WHAT IS EXPECTED:
Your answer should be the full data, transcribed exactly, with no pictures in it.

STORED DATA:
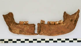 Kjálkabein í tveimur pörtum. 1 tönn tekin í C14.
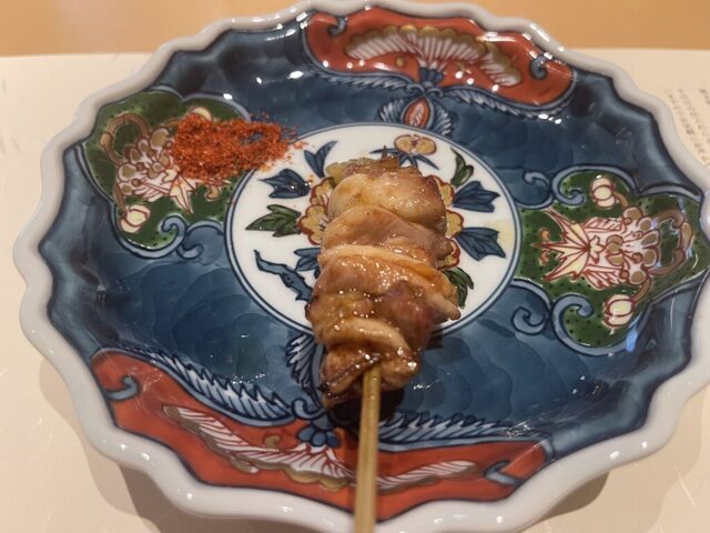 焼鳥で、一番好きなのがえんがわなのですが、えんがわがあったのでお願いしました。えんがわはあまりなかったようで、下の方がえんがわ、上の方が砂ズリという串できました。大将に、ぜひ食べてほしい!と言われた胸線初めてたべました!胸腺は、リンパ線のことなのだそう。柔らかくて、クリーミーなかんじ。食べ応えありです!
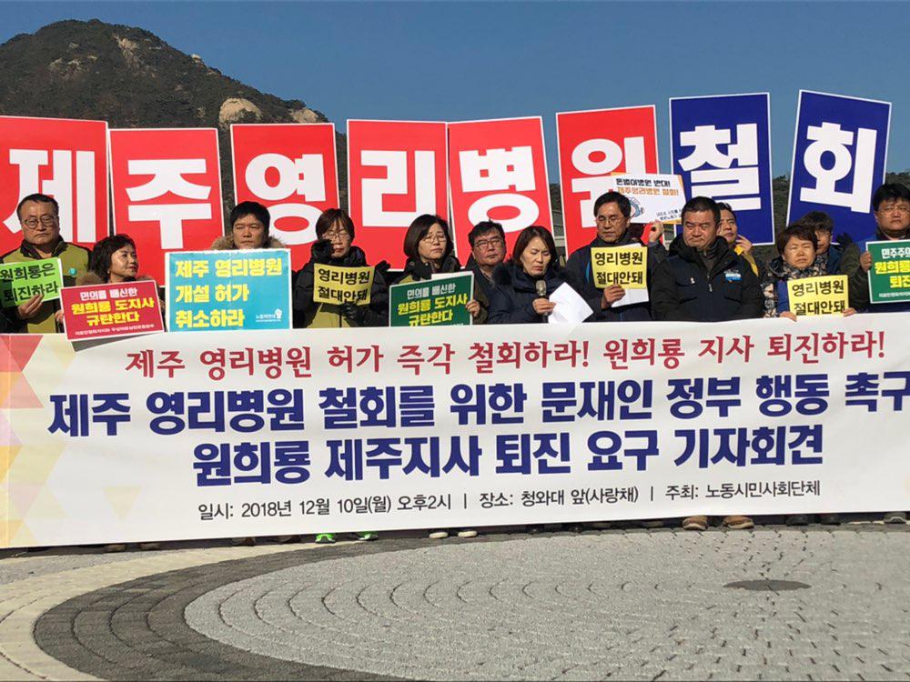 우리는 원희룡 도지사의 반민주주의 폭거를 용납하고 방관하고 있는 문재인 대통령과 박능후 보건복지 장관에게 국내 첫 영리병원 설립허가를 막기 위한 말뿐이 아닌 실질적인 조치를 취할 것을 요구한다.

RESULT BELOW:
 Kjálkabein í tveimur pörtum. 1 tönn tekin í C14.
 焼鳥で、一番好きなのがえんがわなのですが、えんがわがあったのでお願いしました。えんがわはあまりなかったようで、下の方がえんがわ、上の方が砂ズリという串できました。大将に、ぜひ食べてほしい!と言われた胸線初めてたべました!胸腺は、リンパ線のことなのだそう。柔らかくて、クリーミーなかんじ。食べ応えありです!
 우리는 원희룡 도지사의 반민주주의 폭거를 용납하고 방관하고 있는 문재인 대통령과 박능후 보건복지 장관에게 국내 첫 영리병원 설립허가를 막기 위한 말뿐이 아닌 실질적인 조치를 취할 것을 요구한다.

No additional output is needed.